Taking On What No One Else Wants
The distressed assets market is the subprime market of the real estate investing market. It involves taking on those pieces of wealth that have lost their marketability due to the poor management of the asset portfolio. The distress can be linked to the property itself or to the person occupying the property.
Where the distress is just about the property and not the people who live in it, a number of steps can be taken to ensure that the causes of the distress are mitigated. Where the distress is related to the people occupying the house, then they can be removed to allow for the rehabilitation of the property. This article aims to shine the light on some of the interesting aspects of this side of the business.
A Risky but Potentially Profitable Proposition
There is no doubt that the business of dealing in distressed assets carries with risks that often greater than ones which would be expected in a non distressed situation. This is because the reasons for the distress will almost always still be prevailing even at the time of the purchase.
Take for example a house that has gone into foreclosure. When the tenant is informed of the requirement to vacate the house, they will not be best pleased at the suggestion that they might have to lose their home. This resentment will influence the way the treat the property in their last months of the tenancy. Vandalism is not entirely uncommon in these situations. When the new owner comes to the house, they might be shocked at the state in which it has been left.
You, the real estate investor are then tasked with the obligation to repair the house before it is ready for reselling. If you have bought the house at an auction, you will notice that the bailiffs will do their utmost best to prevent you from examining the property properly before parting with your money.
This is a natural reaction from them because they will not be sure about the hidden sins that could affect the property and they do not want you to be in a position whereby you change your mind about the deal before completing the payment. The real problems come about when the repair bill all but eats your profit margin.

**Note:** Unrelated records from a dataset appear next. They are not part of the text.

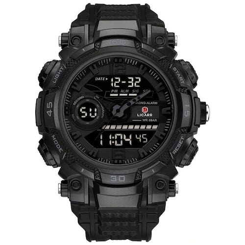 Este relógio esportivo é mais do que apenas um marcador de tempo; é seu companheiro em aventuras. Equipado com um mostrador redondo e movido pelo confiável mecanismo de quartzo, garante precisão na medição do tempo. Seja na academia ou ao ar livre, o cronómetro integrado é perfeito para medir o tempo de suas atividades físicas, enquanto a resistência à água 5 ATM assegura que você continue no caminho sem preocupações, mesmo nos dias chuvosos.
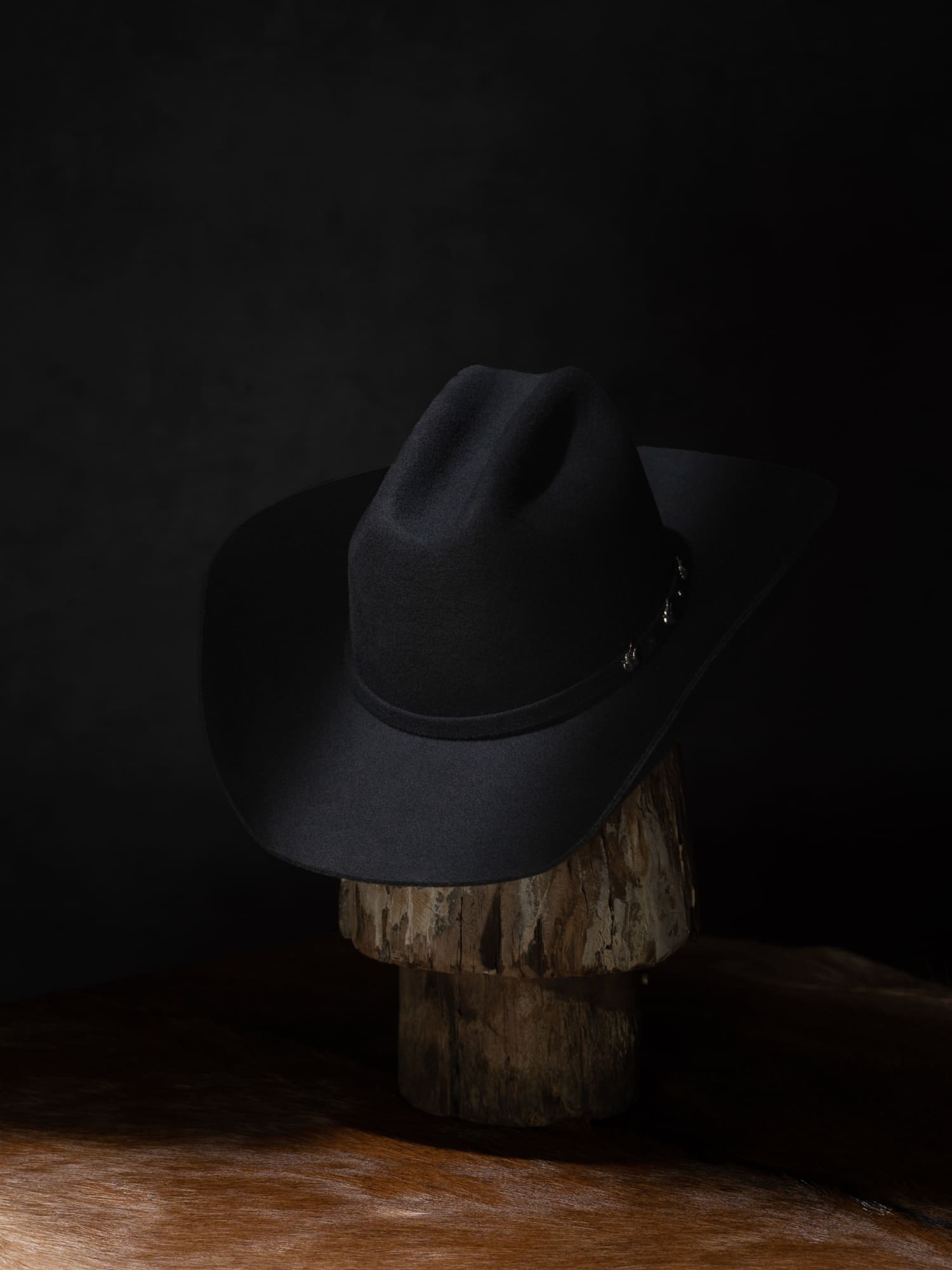 The Wildfire Hat in Black channels untamed energy through sleek Western form.
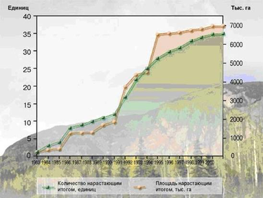 В результате расширения площади ряда заповедников в 2000 г. их суммарная официальная территория, по оценке, превысила 33,5 млн. га (Рис. 9).
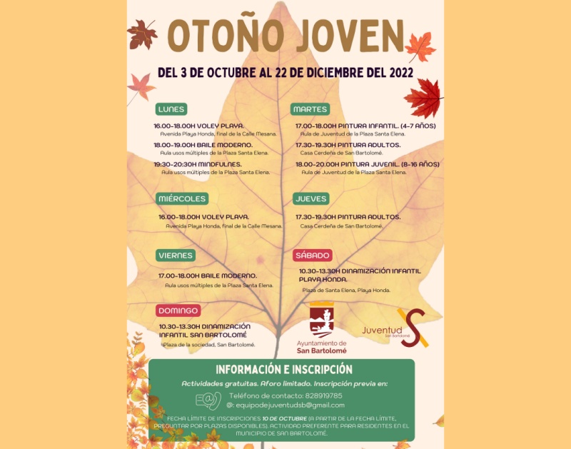 La campaña de actividades “Otoño Joven” que tendrá una duración de 3 meses, comenzará el próximo 3 de octubre, con actividades de Pintura, Baile deportivo, Voley Playa o curso de Mindfulness, además de contar con Dinamizaciones infantiles en las mañanas de sábados y domingos.
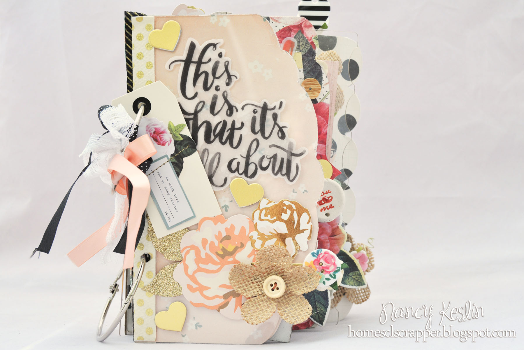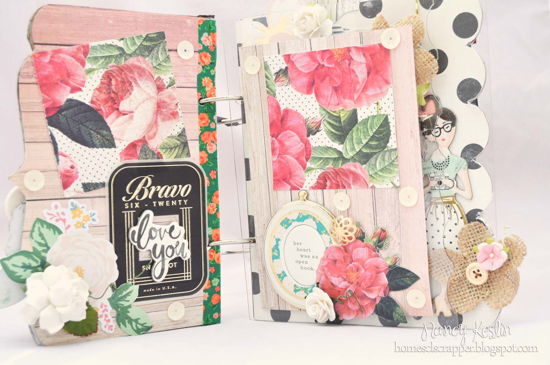 I covered the pages with beautiful papers and embelishments from Crate Paper's Open House and a few flowers. Sanding the edges of the pages makes for the perfect fit.

The vagaries of the housing market can also cause the real estate investor to lose quite a bit of profit. Imagine that the house you have bought has been repaired and valued at a profit of twenty percent. All over a sudden the housing market collapses by exactly the same amount of profit that they had hoped to make. This means that the asset is being sold for a net value without a profit.
This is not the way to run a successful real estate investing scheme. What some experienced business people do is to account for these vagaries by adopting a strategy of keeping back some money for use to over those periods when the vagaries of the pricing structures do not allow for making a profit.